= Alfred S. Evans =

American viral epidemiologist

Alfred Spring Evans (August 21, 1917 – January 21, 1996) was an American viral epidemiologist and professor of epidemiology at the Yale University School of Medicine and the Yale School of Public Health.

==Early life and education==
Evans was born on August 21, 1917, in Buffalo, New York, to John H. Evans, an anesthesiologist, and his wife, Ellen Spring. He received his undergraduate degree from the University of Michigan in 1939 and his medical degree from the University of Buffalo in 1943.

==Career==
Evans served as a public health officer in Japan as part of his active duty service during World War II, where he became interested in the work of epidemiologist John R. Paul. He subsequently received a fellowship to study infectious mononucleosis with Paul at Yale. During the Korean War, he returned to active duty and served as chief of the Hepatitis Research Laboratory at the 98th General Hospital in Munich, Germany.
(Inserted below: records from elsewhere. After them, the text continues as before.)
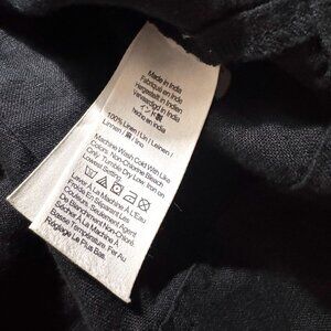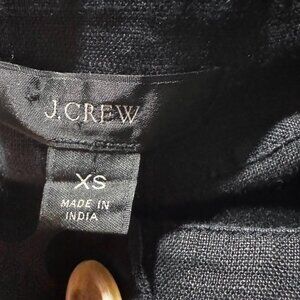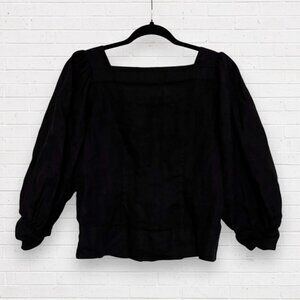 J CREW Black Linen Square Neck Crop Button Front Up Puffy Sleeve Top Blouse XS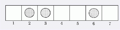 让我们考虑一个在m x 1 的板子上玩的游戏,板子被从1 到 m编号. 现在板子上有n 个棋子, 每个都严格占据板子上的一个格子. 没有一个棋子占据格子m. 每个单独的移动遵循以下原则: 移动的人选择一个棋子把它移动到比它大的格子中第一个未被占领的格子里去. 两个选手交替移动, 谁先占据格子m, 谁赢. 下面是一个例子(m = 7), 一个选手可以把2 移到 4, 把3 移到 4 或者把6 移动到 7.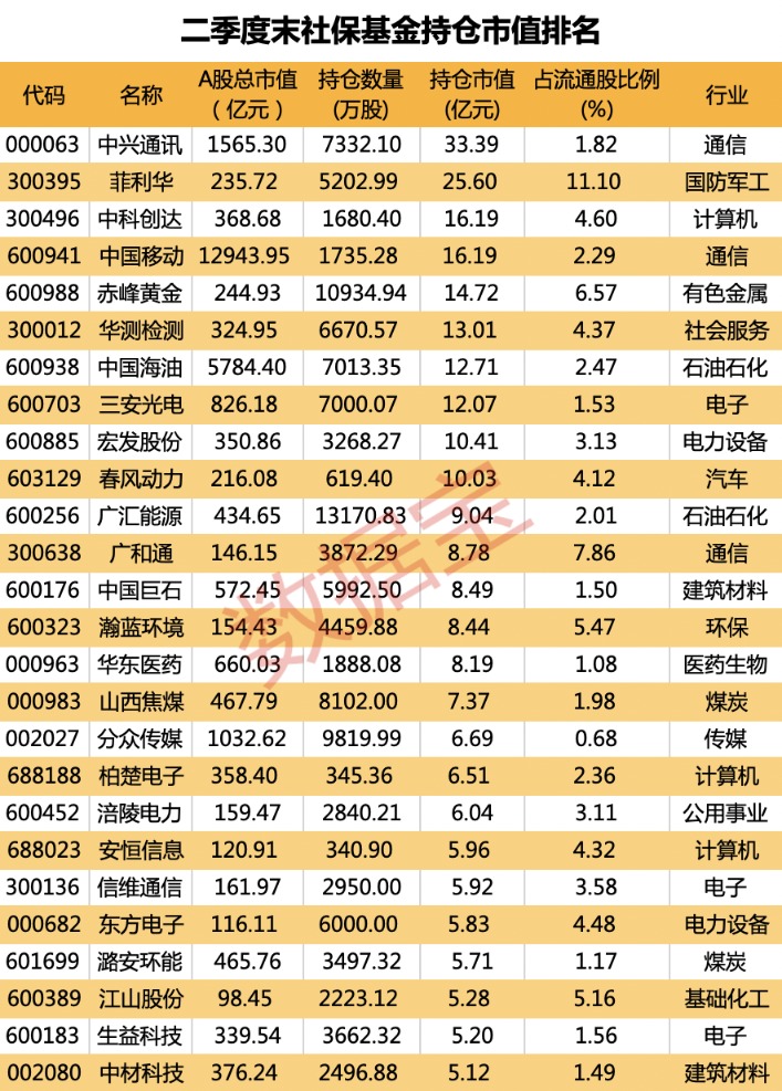 (原标题:社保基金最新持仓动向曝光,通信巨头持仓市值最高,六成重仓股半年报业绩报喜)
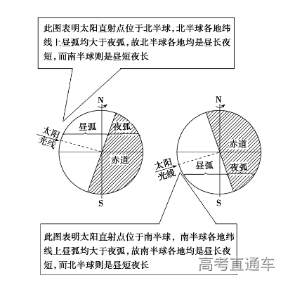 太阳直射点所在的半球位置决定昼夜长短状况。太阳直射点在哪个半球,哪个半球就昼长夜短,且越向该半球的高纬度地区白昼时间越长。太阳直射点所在半球的极点周围出现极昼现象。如下图所示: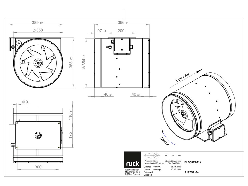 Ventilátory Ruck Etaline jsou dostupné ve variantách pro 230 V (jednofázové napájení) i 400 V (třífázové napájení).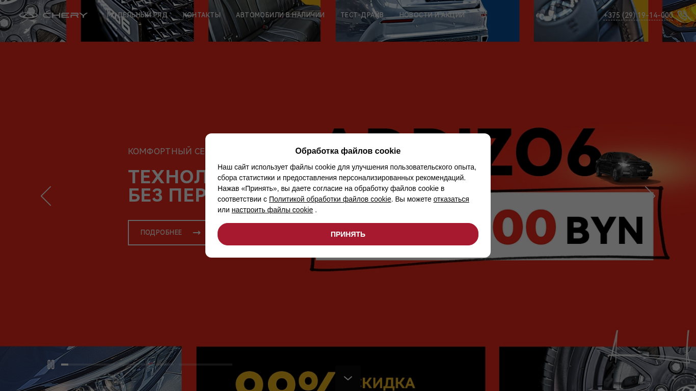 | SEO-описание | Автомобили Chery купить в Беларуси ✅ Официальный дилер машин Chery в Беларуси 🚘 У нас вы можете купить авто Chery в автосалоне 🔥 Новые модели китайских автомобилей Chery по выгодным ценам ✅ Записывайтесь на тест-драйв машин Чери! |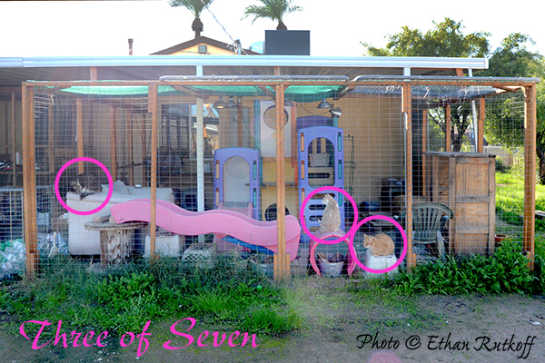 Tips and Tops came from a parking lot. DItto for Cocoa, who had a sister, Mocha, who passed from FIV complications. But they were unrelated lots. We quarantined her inside for some 8-9 months before she relented. And Tortie came from a lot.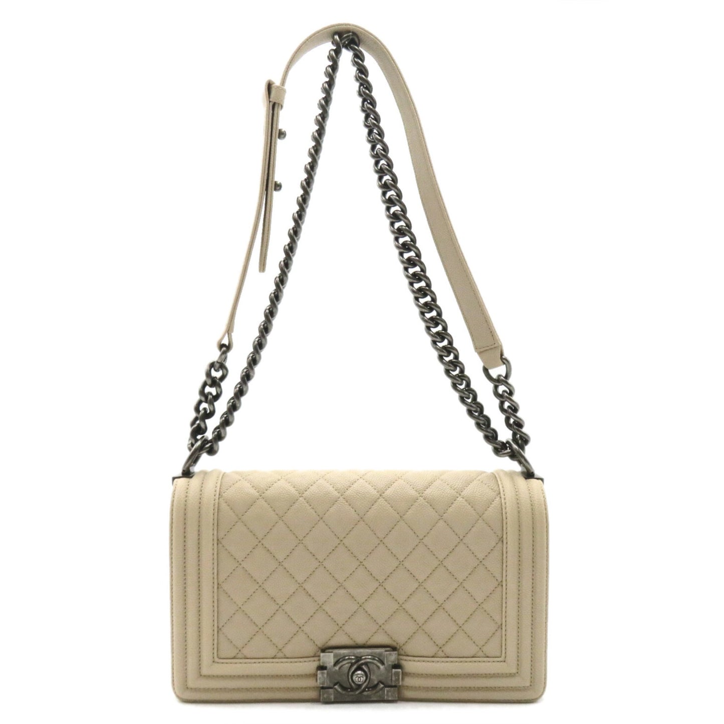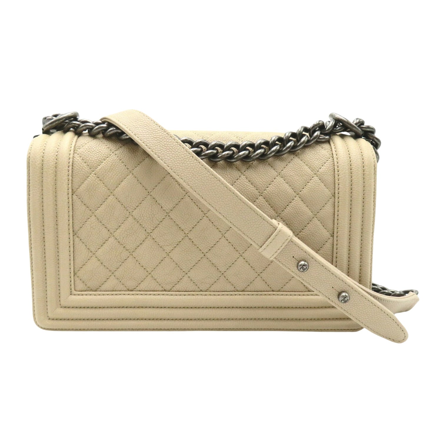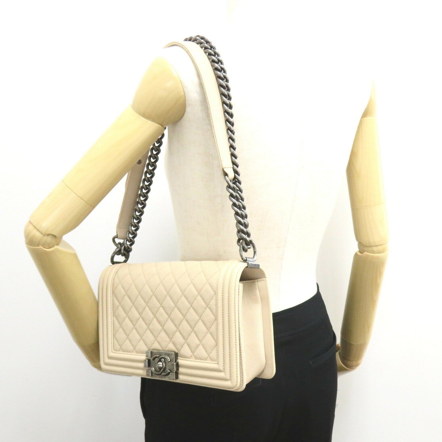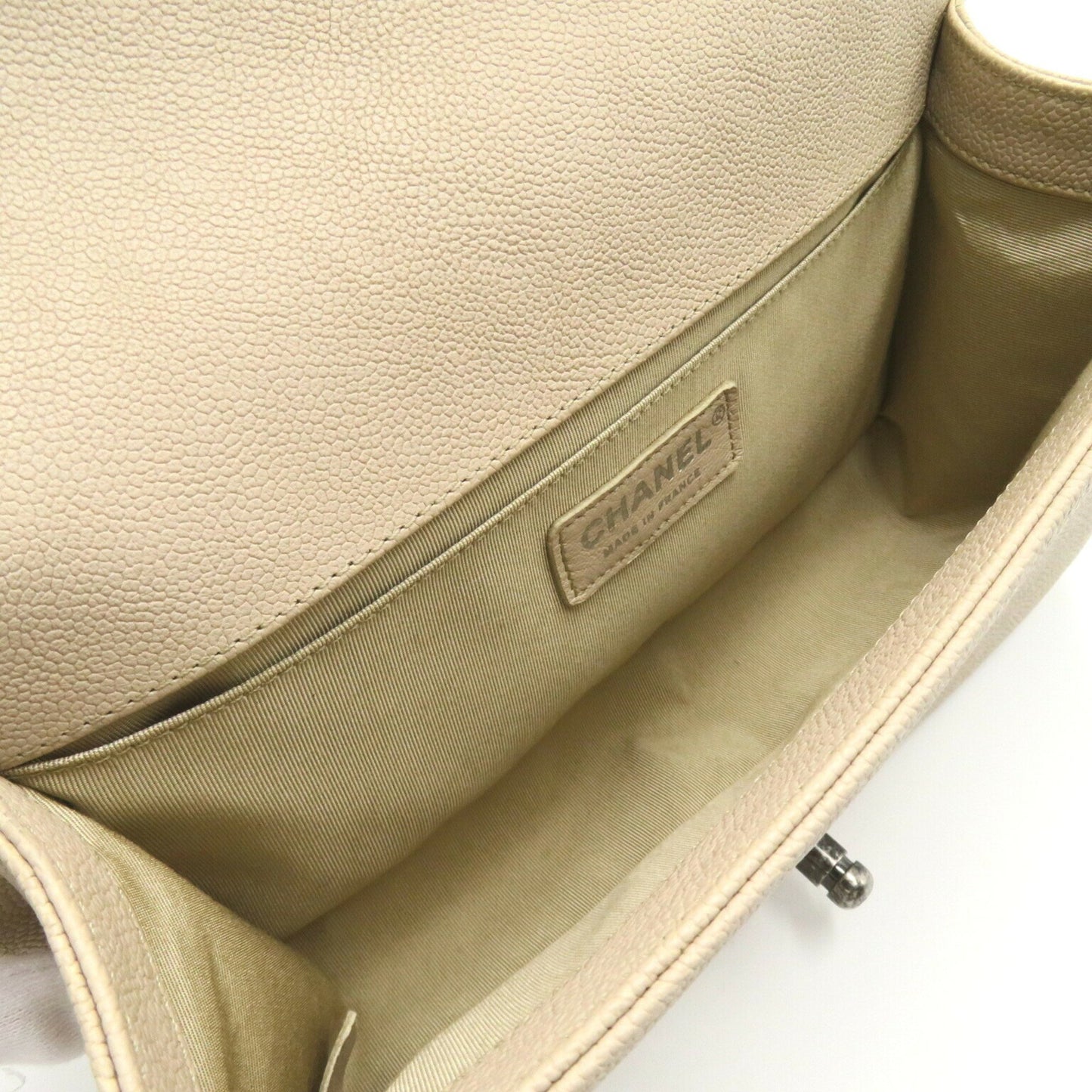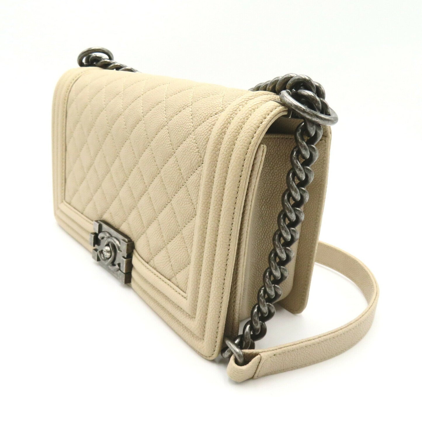 This Chanel Boy shoulder bag, designed for women, is made from beige caviar leather, offering a luxurious and durable texture.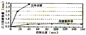 在車(chē)刀前刀面上倒裝了個(gè)金屬帽狀物,其內(nèi)腔與刀片的上表面共同組成一個(gè)密閉室。帽狀物上有液氮的入口和出口。在干切削過(guò)程中,液氮不斷在密閉室中流動(dòng),吸收刀片上的切削熱,使刀具不產(chǎn)生過(guò)高的溫升.始終保持良好的切削性能,順利實(shí)現(xiàn)干切削。圖4是用PCBN刀具加工RBSN工件材料時(shí)刀具磨損量的實(shí)驗(yàn)結(jié)果。在不使用液氮冷卻刀具時(shí)PCBN刀具車(chē)削長(zhǎng)度僅40mm,后刀面磨損量便高達(dá)3mm,切削無(wú)法再進(jìn)行下去。采用上述液氮裝置后,刀具磨損情況大為改善,車(chē)削長(zhǎng)度160mm后,后刀面僅磨損0.4mm。被加上工件的圓度誤差也從20μm減至3.2μm。液氮是一種很容易獲得的原料價(jià)格便宜還可以反復(fù)使用。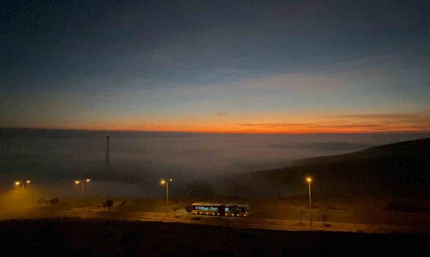 Batman’da etkili olan yoğun sis, gün batımının kızıllığıyla birleşerek şehrin üzerinde adeta bir sis denizi oluşturdu.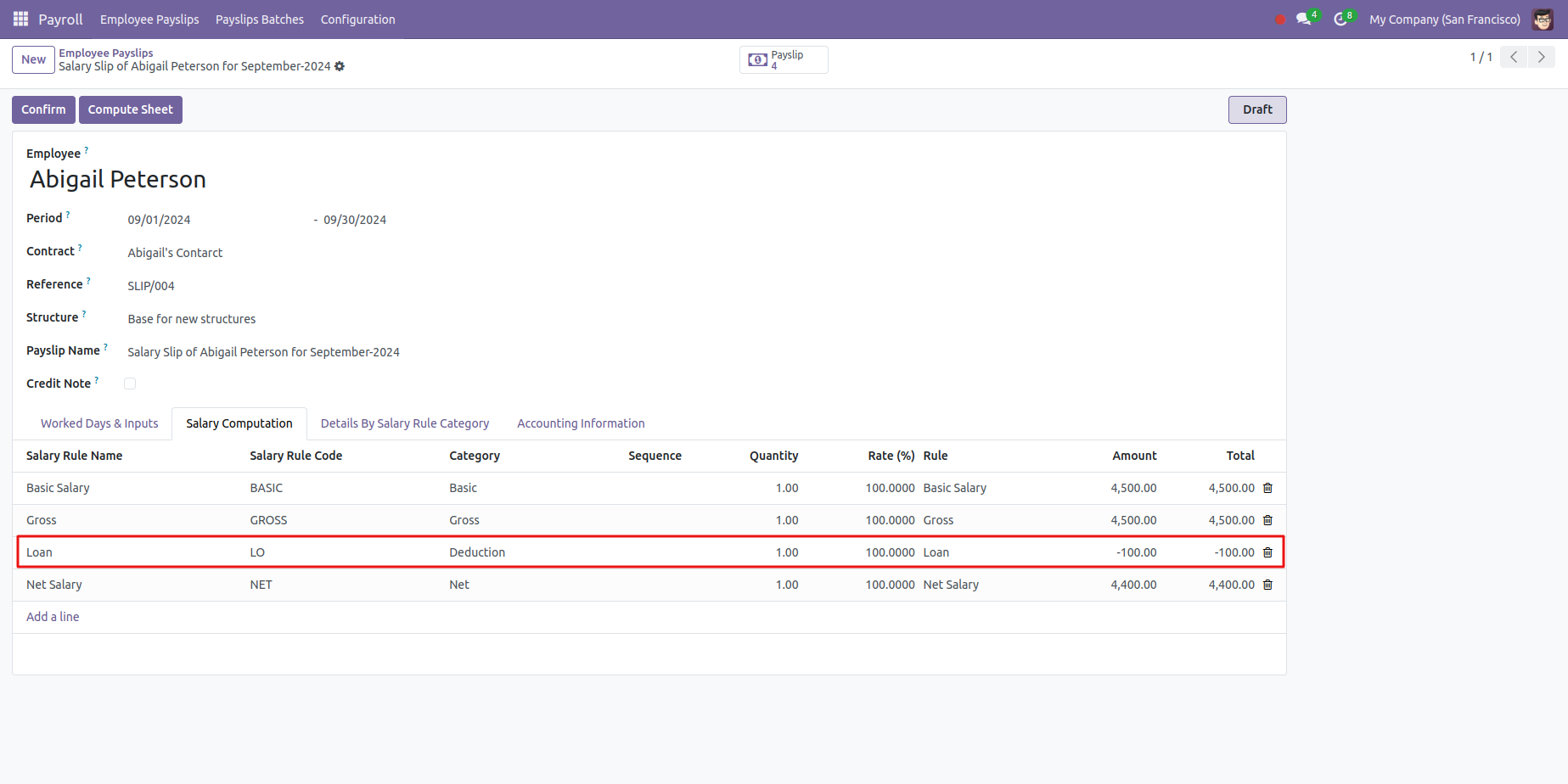 After Confirming the Payslip, the Installment Amount will be deducted from the Total Loan Amount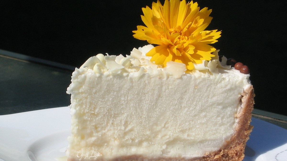 Перед подачей необходимо извлечь торт из формы: убрать бортики, дно и снять пленку. Украсить торт по своему усмотрению. Я выложила по кругу шоколадные шарики, кроме этого раскидала их по поверхности торта и посыпала стружкой белого шоколада. Перед тем, как разрезать торт, необходимо дать ему время отойти от заморозки (минут 15). Резать горячим ножом (можно смочить его в кипятке). - Шаг 11
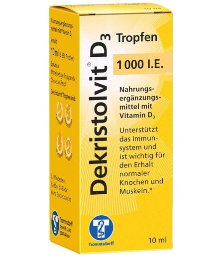 Anwendungsgebiet von Dekristolvit D3 1.000 I.e. TropfenDekristolvit D3 1.000 I.e. Tropfen sind ein Nahrungsergänzungsmittel mit Vitamin D3 und unterstützen wirksam das Immunsystem, Knochen und Muskulatur. Zudem unterstützen sie die Knochengesundheit. Durch Vitamin D wird die Aufnahme von Calcium, das für viele Körperfunktionen benötigt wird, deutlich verbessert. Frei von Gluten, Laktose, Fructose und Gelatine sind sie sehr gut verträglich.Wirkungsweise von Dekristolvit D3 1.000 I.e. TropfenDas Besondere an Dekristolvit D3 1.000 I.e. Tropfen: Vitamin D3 ist an vielen Stoffwechselvorgängen und Funktionen im Körper beteiligt, hierzu zählen ua.: Aufbau von Knochen, Zähnen und Gelenken, Steuerung der Aufnahme von Calcium im Darm, das Immunsystem zu stärken und Infekte abzuwehren, aber auch die Zellen zu teilen und Entzündungen im Körper zu reduzieren. Dekristolvit D3 1.000 I.e. Tropfen können zur Gesunderhaltung beitragen.Wirkstoffe / Inhaltsstoffe / ZutatenDekristolvit D3 1.000 I.e. Tropfen enthalten: Zutaten: Mittelkettige Triglyceride, Cholecalciferol Nährstoffe pro Verzehrsempfehlung / RM (%)* Vitamin D3 25 µg ( 1000 I.E.) / 500 *RM = Referenzmenge für die tägliche Zufuhr gemäß LebensmittelinformationsverordnungGegenanzeigenBei bekannter Überempfindlichkeit gegenüber einem der oben genannten Inhaltsstoffe sollte dieses Produkt nicht angewendet werden.DosierungAnwendungsempfehlung von Dekristolvit D3 1.000 I.e. Tropfen: Täglich 2 Tropfen zu einer Mahlzeit verzehren. Die angegebene empfohlene Verzehrsmenge darf nicht überschritten werden. HinweiseDie angegebene empfohlene Verzehrsmenge darf nicht überschritten werden. Nahrungsergänzungsmittel sollten nicht als Ersatz für eine ausgewogene und abwechslungsreiche Ernährung und eine gesunde Lebensweise verwendet werden. Außerhalb der Reichweite von kleinen Kindern aufbewahren. Zur verb ...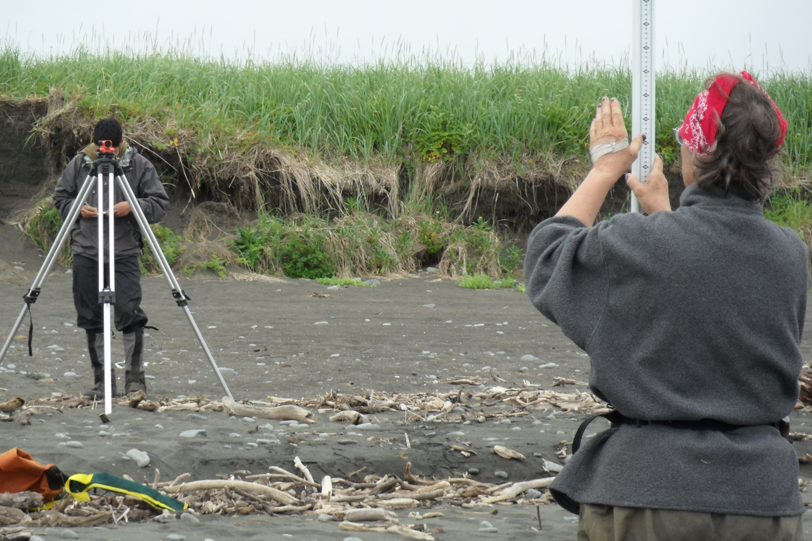 Sean-Paul Le Selle looks through the transit level and Jody Bougeois holds the survey rod on the beach. Stolbevaya, Russia.

In 1952, he became a professor at the University of Wisconsin School of Medicine. He subsequently went on sabbatical leave to earn an MPH degree from the University of Michigan. Upon his return to the University of Wisconsin in 1959, he became the first chairman of the Department of Preventive Medicine. He became a professor of epidemiology at the Yale School of Public Health in 1966. In 1982, he was appointed the John Rodman Paul Professor of Epidemiology at the Yale School of Medicine, a position he retained until he retired in 1994. At the Yale School of Medicine, he was also the director of their serum reference bank. He served as the president of the American College of Epidemiology in 1989.

==Death==
Evans died on January 21, 1996, at his home in North Branford, Connecticut, at the age of 78. According to his family, he died from complications from cancer.